About OpenRobotsTXT Bot

OpenRobotsTXT is a project designed to archive and analyze the content of all of the robots.txt files on the web. The project will act as a robots.txt library, allowing anyone to search for both active and historic files.

The bot only wants to visit publicly accessible robots.txt files then move on to the next website. It does not want to crawl whole domains.

The open project is led by Majestic, a UK based specialist search engine used by hundreds of thousands of businesses worldwide.

Bot Info

Bot TypeGood crawler
Identifies ItselfAlways
IP RangeDistributed, Worldwide
Obeys Robots.txtYes*
Data served atopenrobotstxt.org

What is OpenRobotsTXT doing on my site(s)?

Crawler is designed to only examine robots.txt. Redirects will only be respected if they resolve to robots.txt. Any other content will be disregarded.

Why is there an asterisk after 'Yes*' in the Bot Info table?

The bot only wants to access robots.txt itself. It does not crawl site content, so no directives are triggered or violated. So while it plays by the rules and tries to obey robots.txt instructions, it shouldn't find itself in a situation where it has to.

What happens to the crawled data?

Data is archived, analysed and made available freely available for verified users on this site, openrobotstxt.org.
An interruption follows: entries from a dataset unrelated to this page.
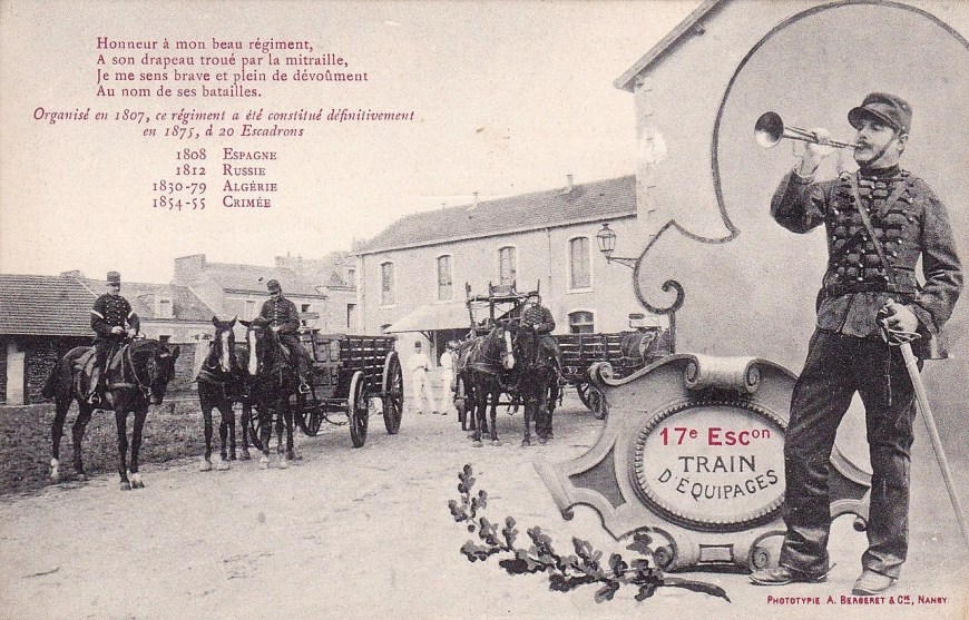 A partir de février 1917, il est affecté dans différents régiments d’Escadrons du Train.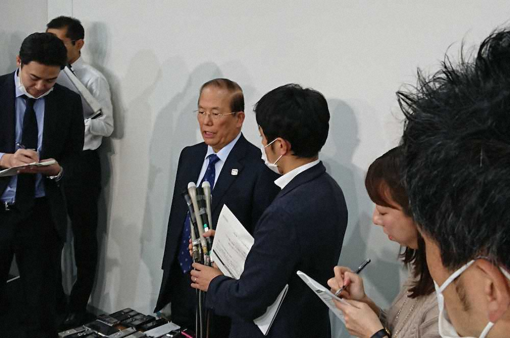 取材に応じる組織委の武藤事務総長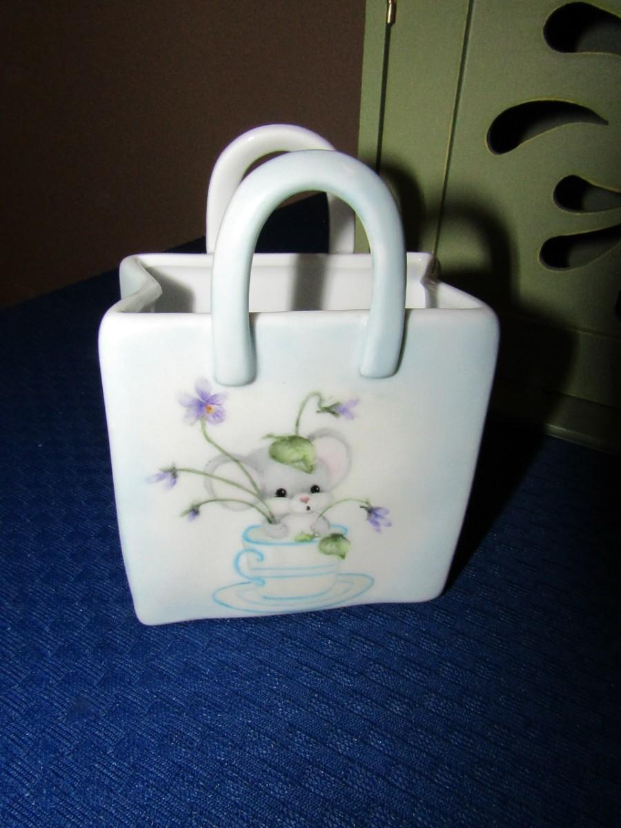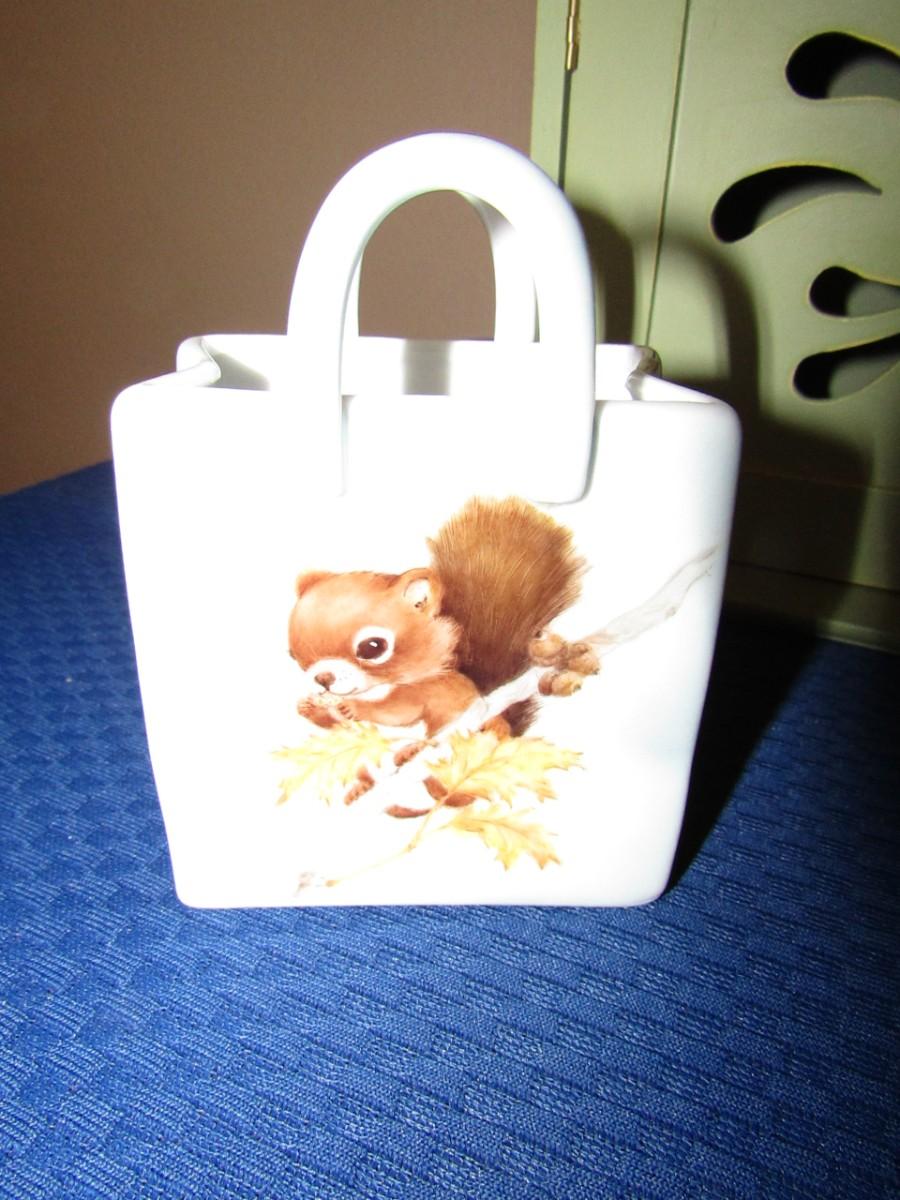 PORCELAIN BASKET WITH PICTURES OF A MOUSE AND SQUIRREL

Can I block OpenRobotsTXT?

Of course.

OpenRobotsTXT adheres to the robots.txt standard. As the bot is only interested in robots.txt, it should not visit any other page on your site unless your host's server configuration orders it to do so. However, for your peace of mind, you can request that it does not look at any page other than robots.txt by adding this line.

User-agent: OpenRobotsTXT
Disallow: /

If you have reason to believe that OpenRobotsTXT did NOT obey your robots.txt commands, then please let us know. Please provide URL to your website and log entries showing bot trying to retrieve pages other than robots.txt.

Please note that OpenRobotsTXT accepts data from a few trusted partners. They may use their own crawl methods, with a different User Agent and ruleset.
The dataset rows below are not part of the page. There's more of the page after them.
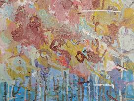 1Tiffiny Boyd has worked at the ECF Art Centers since 1990 and currently works out of the San Pedro studio. Tiffiny's work is inspired by expressive qualities of color, the freedom of intuitive mark-making, and self-exploration of creative processes. Boyd draws from her infinite imagination to create effervescent and abstract and floral designs that often play with conventions of spatial orientation. Working primarily with acrylic paints on canvas, she paints with an energetic, determined hand using a variety of brushes, tools, and consistencies of paint. Her compositions culminate in layers of repetitive swirls, drips, swells and gestural marks.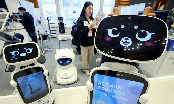 12일 서울 강남구 코엑스에서 열린 ‘2025 호텔페어’에서 키논 로보틱스의 자율주행 로봇인 ‘다이너봇’이 관람객들을 맞이하고 있다. 호텔 운영과 고객 서비스에 최적화된 키논 로보틱스의 스마트 호텔 로봇은 이미 5000만개 이상의 객실 배송과 4000개 이상의 스마트 호텔에 구축돼 신뢰성과 기술력을 입증했다고 회사 측은 설명했다. 이날 키논 로보틱스는 음식의 서빙 및 퇴식을 안내하는 ‘다이너봇’을 비롯해 청소로봇, 배송로봇, 물류로봇 등 다양한 서비스용 로봇을 공개했다.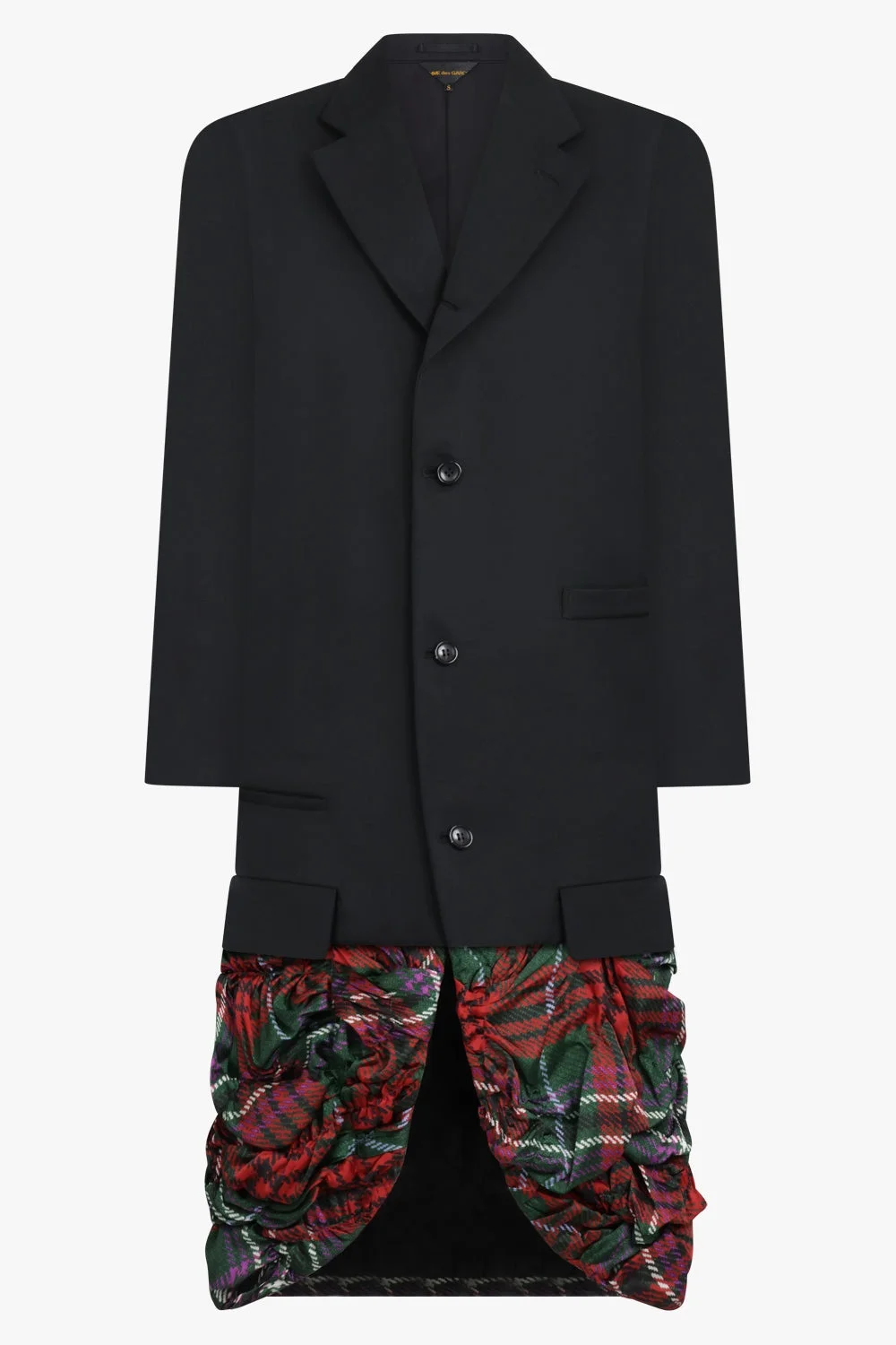 TWO TONE COAT WITH CHECK PRINT RUFFLE HEM | BLACK/TARTAN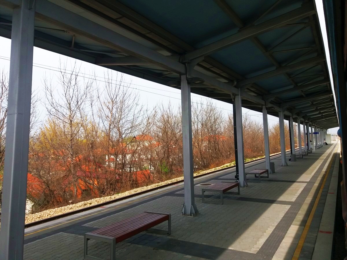 English: View of the only platform of Krnjača most railway station.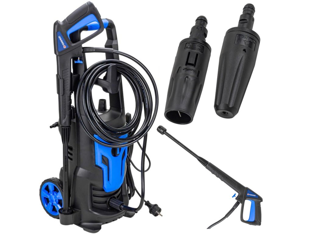 - Висока мощност: Благодарение на мощност от 1800 W и налягане от 135 bar, тази водоструйка FORSAGE може да се справи с различни видове замърсявания върху различни повърхности.

Is there a down-side to blocking OpenRobotsTXT?

Yes.

As well as offering aggregated reports on webmaster sentiment regarding blocking and allowing certain bots, OpenRobotsTXT aims to act as a back-up for those times when a site's robots.txt is not available. If OpenRobotsTXT is blocked, you remove the ability for other crawlers to check our secondary records to see if and how they should respectfully crawl your site.

Additionally, we will not be able to provide you with an audit ability to see if a named crawler should have been able to visit parts of your site on a certain day.

What commands in robots.txt does OpenRobotsTXT support?

Robots.txt informs crawling behavior for site content, which our crawler does not visit. Robots.txt instructions are not intended to apply to scanning of robots.txt itself.

However, OpenRobotsTXT will obey the following optional instruction to control republishing of your robots file ONLY WHEN placed in OpenRobotsTXT directives:

User-agent: OpenRobotsTXT
Publish-Robots: yes
Disallow:

Options are [yes/no]. Change Publish-Robots to 'no' to request that we do not publish this robots.txt

Does OpenRobotsTXT follow redirects?

Sometimes a server may send a 30x redirect in response to a request for a robots.txt instead of the file anticipated.

The OpenRobotsTXT crawler will follow up to 5 redirects. The crawler will only follow redirects where the path resolves to “/robots.txt”. Redirect chains falling outside of these parameters will cause the crawler to log an error and move on.

This is a stricter interpretation than some other crawlers, which may accommodate internal ( same host ) redirects to any path.

Why did my robots.txt block not work on OpenRobotsTXT?

We are keen to see any reports of potential violations of robots.txt by OpenRobotsTXT.

There are a number of false positives raised - this can be a useful checklist when configuring a web server:

  • Off site redirects when requesting robots.txt - OpenRobotsTXT follows redirects, but only on the same domain. The ideal is for robots.txt to be available at "/robots.txt" as specified in the standard.
  • Multiple domains running on the same server. Modern webservers such as Apache can log accesses to a number of domains to one file - this can cause confusion when attempting to see what webserver was accessed at which point. You may wish to consider adding domain information to the access log, or splitting access logs on a per domain basis
  • Robots.txt out of sync with developer copy.

What are the current versions of OpenRobotsTXT?

The current operating versions of OpenRobotsTXT is:

  • v1.0.0 (Current - May 2025)

How do I verify requests are from you?

We intend to support Reverse DNS. Details coming soon.